L’impennata dei prezzi della carne bovina spinge gli acquirenti statunitensi al limite di spesa
Punti chiave
- •I volumi di vendita della carne bovina sono scesi dello 0,3% su base annua nelle 13 settimane terminate a metà luglio, contro una crescita di circa il 5% nello stesso periodo dei due anni precedenti, secondo Circana.
- •La carne macinata di manzo ha registrato una media di 7.116 dollari per libbra in luglio e l’aumento del 9,4% su base annua è stato il più contenuto in 17 mesi, secondo il Bureau of Labor Statistics.

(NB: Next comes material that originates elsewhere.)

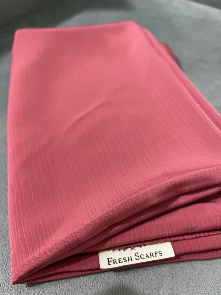 Parlak pembe renkte, pilili dokulu, yumuşak sentetik kumaştan yapılmış kadın şalı.Krınkıl medine ipeğidir.
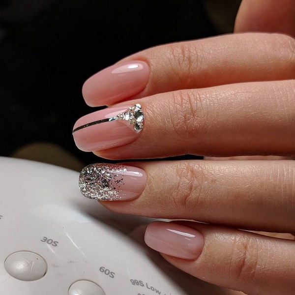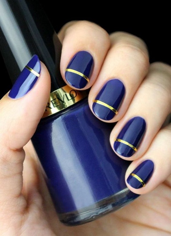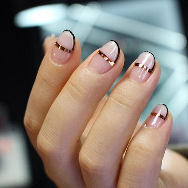 Après avoir recouvert les ongles avec l’un des tons de vernis que vous préférez, créez des bandes à l’aide d’étincelles ou posez des strass le long ou à travers l’ongle pour obtenir une alternative aux bandes de vernis. La conception attrayante de la bande dans cette solution est excellente et décore gracieusement les doigts de chaque femme.

- •La mandria bovina statunitense resta vicina al livello più basso da circa cinque decenni, mantenendo l’offerta di carne bovina ristretta nonostante gli sforzi del governo, come l’aumento delle importazioni dall’Argentina e la ripresa delle spedizioni di bovini vivi dal Messico.

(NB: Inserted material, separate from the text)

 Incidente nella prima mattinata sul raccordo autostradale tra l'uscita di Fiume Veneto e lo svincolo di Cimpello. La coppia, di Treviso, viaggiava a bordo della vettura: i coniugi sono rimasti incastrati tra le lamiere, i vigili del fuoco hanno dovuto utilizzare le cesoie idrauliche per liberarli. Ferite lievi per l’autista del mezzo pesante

- •La domanda più debole ha contribuito al calo dei prezzi all’ingrosso della carne bovina e dei future sui bovini vivi, che hanno toccato un nuovo minimo a nove mesi dopo che Tyson Foods ha annunciato nuove chiusure di impianti.
- •Circa il 40% degli acquirenti di carne bovina dichiara di comprarla meno spesso, mentre catene di fast food come Shake Shack e Restaurant Brands International prevedono un allentamento dell’inflazione della carne bovina, con un sollievo più consistente atteso intorno all’inizio del 2027.

Aaron Kaufman soddisfaceva un tempo il suo elevato obiettivo quotidiano di proteine — un grammo per ogni libbra di peso corporeo — con carne macinata di manzo. Tutto è cambiato questa primavera, quando il 32enne si è trasferito da Brooklyn a Manhattan. Per compensare il costo più alto dell’affitto, ha iniziato a spendere di più per la spesa invece di mangiare fuori, scoprendo però alla sua prima visita nel negozio locale che la carne macinata costava 8 dollari la libbra, contro i 6 di Brooklyn. Ha quindi cambiato fonte proteica, puntando soprattutto su alternative più economiche come il pollo.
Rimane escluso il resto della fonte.